Aussie PM avoids stoush over euthanasia rights

Malcolm Turnbull
Malcolm Turnbull
Australian Prime Minister Malcolm Turnbull has avoided a potentially divisive stoush on the right of the ACT and Northern Territory to make euthanasia laws after the Senate voted against it.

Liberal Democrats senator David Leyonhjelm's private member's bill to restore their rights to legislate on assisted dying was narrowly defeated in the upper house on Wednesday.

The bill's defeat means Mr Turnbull avoids pressure from both sides of the passionate debate to allow the issue to be debated and voted on in the lower house.

It also heads off the chances of the legislation causing divisions within the coalition party room ahead of the federal election.

Despite Senator Leyonhjelm's confidence he had the numbers for the bill to pass, senators voted 36-34 against.
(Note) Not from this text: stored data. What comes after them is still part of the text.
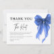 Uttryck din tacksamhet med en tidlös stil med detta She's Tying The Knot - Blåa band bröllopsdusch tackkort. Designat med ett snyggt blått bandmotiv och ren, modern typografi är detta kort den perfekta avslutande detaljen för att tacka gästerna efter en bröllopsdusch, förlovningsfest eller bröllopshelg.
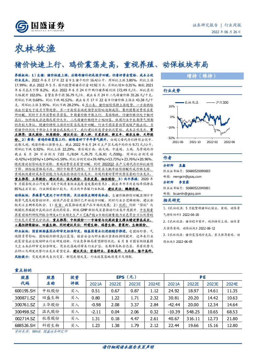 国盛证券:农林牧渔行业周报:猪价快速上行、鸡价震荡走高,重视养殖、动保板块布局.pdf
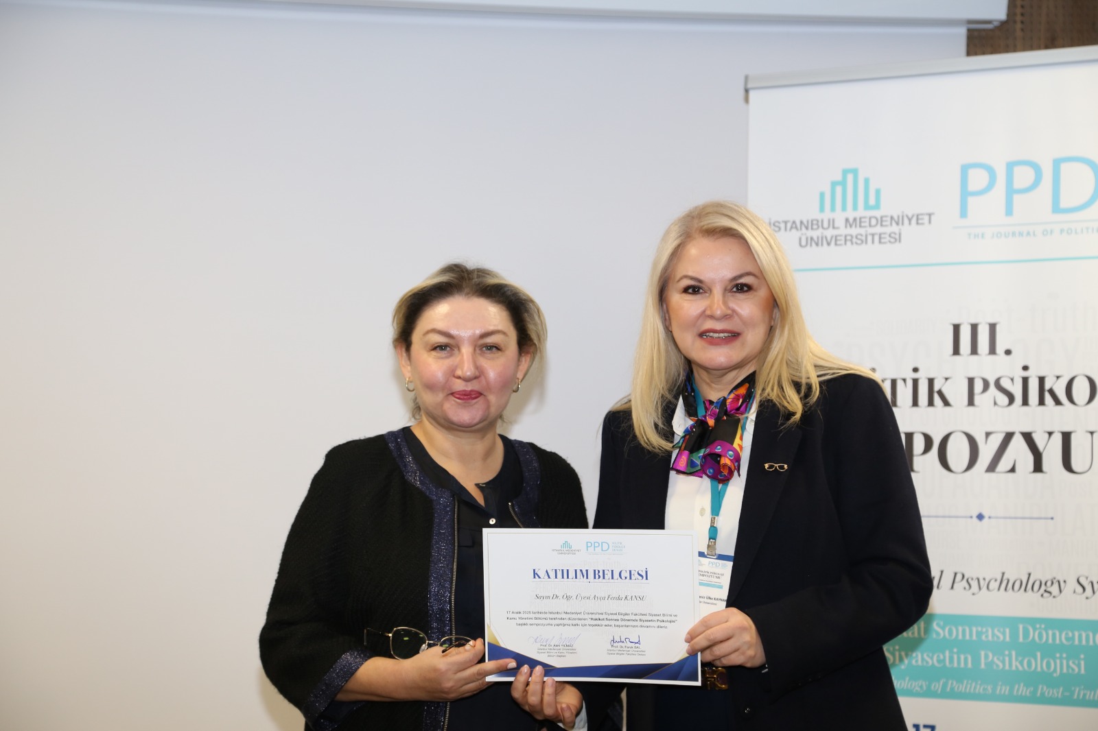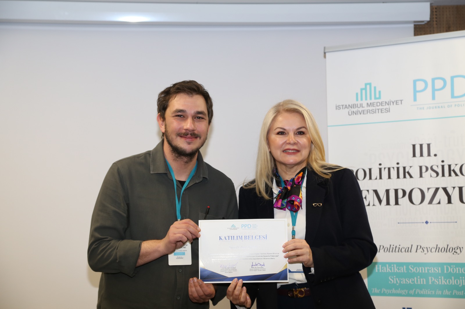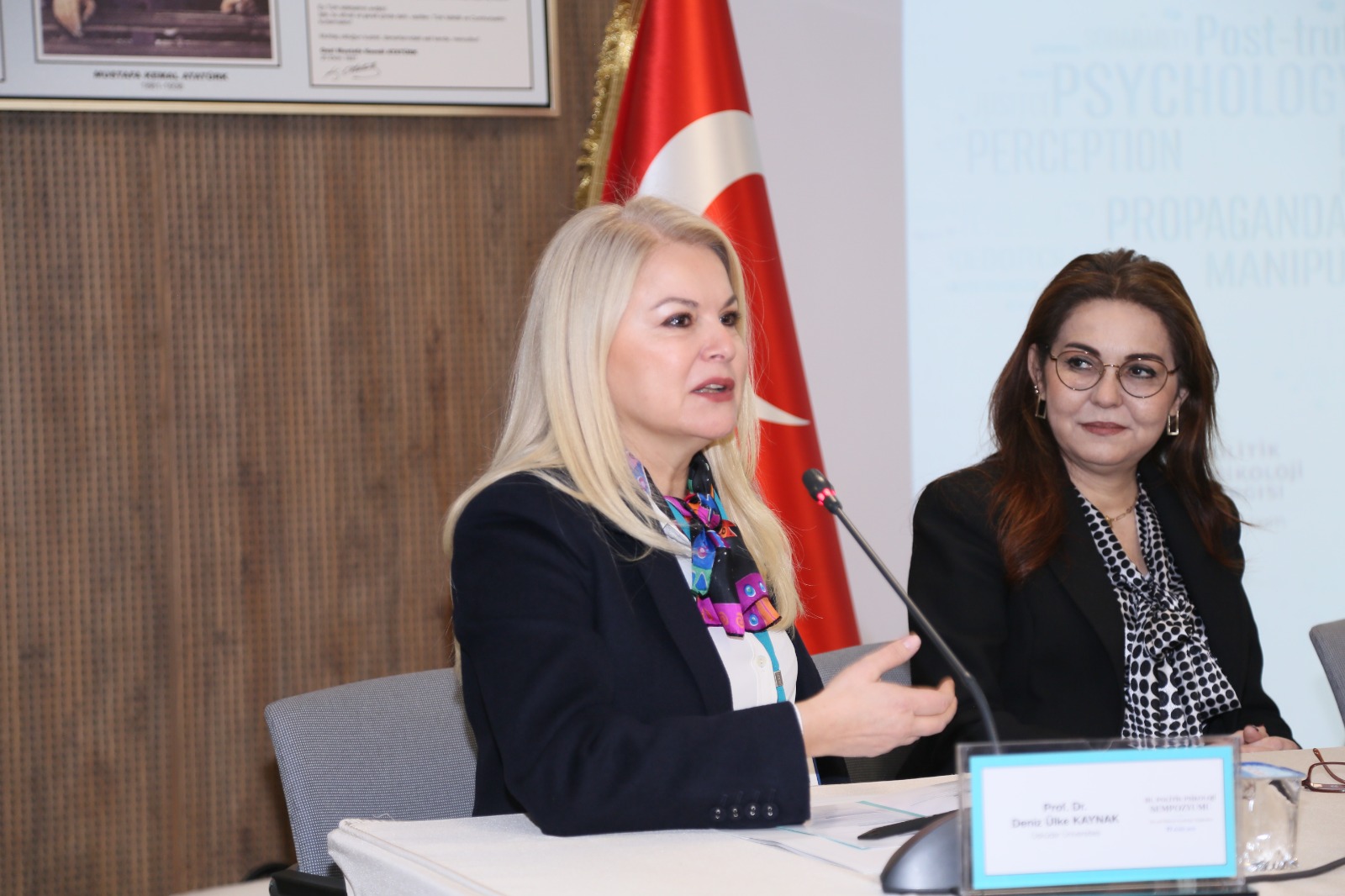 Oturumun devamında küresel ve yerel siyasetin psikolojik kodları tartışıldı. Üniversitemizden Doç. Dr. Helin Sarı Ertem, “Hakikat Sonrası Çağın Otoriter Kıskacında Popülizm ve Trump Dönemi ABD’si” başlıklı sunumunda, popülist söylemlerin demokratik sistemler üzerindeki etkilerini ABD örneği üzerinden değerlendirdi. Yine üniversitemizden Dr. Öğr. Üyesi Didem Geylani ise Türk siyasal hayatındaki dönüşümleri “Meta-Truth” kavramı üzerinden okurken, Bilkent Üniversitesi’nden Dr. Faruk Aksoy ise “İttihatçılık Yeniden? Türkiye’de Enver Paşa Algısı Üzerine Ampirik Bir İnceleme” başlıklı çalışmasıyla tarihsel figürlerin güncel algıdaki yerini bilimsel verilerle ortaya koydu.
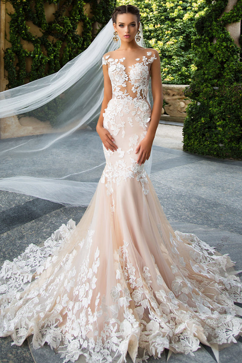 Commemorate the love of your life with elegance in the Promised Love Lace Mermaid Wedding Dress! Fabulous fit and flare wedding gown made of stunning lace appliques and tulle. 3D lace pattern decoration make this dress luxurious and irresistible. Beautiful back of the dress is opened and zipped. and has a long train.
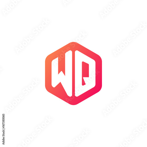 Initial letter wq, rounded hexagon logo, gradient red orange colors
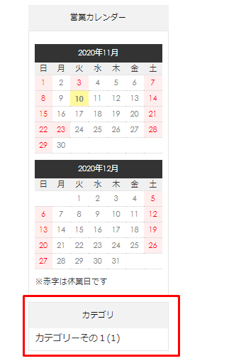 | カテゴリ―名 | カテゴリー名を入力します。 表示例をご確認ください。 |
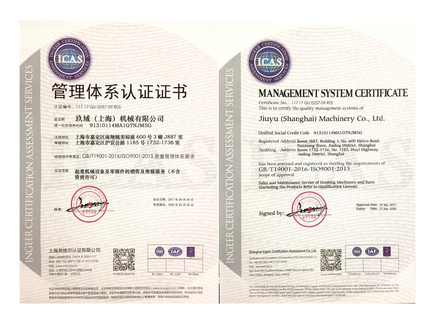 玖域(上海)機(jī)械有限公司于2018年5月28日正式獲得國(guó)家知識(shí)產(chǎn)權(quán)局頒發(fā)的“玖域/JIUYU”商標(biāo)注冊(cè)證。
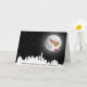 Estrelas no céu negro com Papais noeis no trenó com renas, presentes e uma lua de cheio brilhando voando sobre uma linha branca de horizonte de uma cidade grande. O texto pode ser alterado ou excluído.
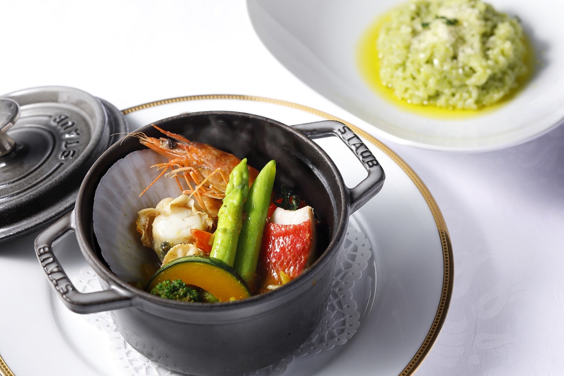 - 北海道 函館産 殻付き帆立貝のアクアパッツァ風スープカレーと八女茶のリゾット 3,300円

He had accused the prime minister of reneging on a deal to allow the bill to be debated on in both chambers of parliament in return for voting in favour of re-establishing the construction watchdog.

Cabinet ministers were divided on the issue after both major parties were given a conscience vote.

Government Senate leader Mathias Cormann opposed the legislation, while fellow senior ministers Simon Birmingham and Marise Payne voted in favour.

Labor was also split with a number of Shop, Distributive and Allied Employees' Association-linked senators voting against the bill, as did Pat Dodson.

Senator Leyonhjelm said public opinion was in favour of legalising voluntary euthanasia.

"The fact we don't have assisted suicide in this country shows a serious flaw in our democracy," he told parliament.

But he praised the tone of the debate, saying it was a demonstration of individual honesty not seen in parliament for some time.

There was a number of emotional reflections, referring to the deaths of terminally ill loved ones.

While some remembered painful farewells and wished assisted suicide had been an option, other senators believed the risks of allowing voluntary euthanasia were too great.

A handful of senators insisted the issue was purely about giving territories the same rights as the states to make laws.

NT Opposition Leader Gary Higgins said he was extremely disappointed the bill was lost.

"I had hoped the federal senators would have voted in favour of Territorians and the Northern Territory enjoying the same rights as the other 24 million plus Australians," the Country Liberal Party leader said.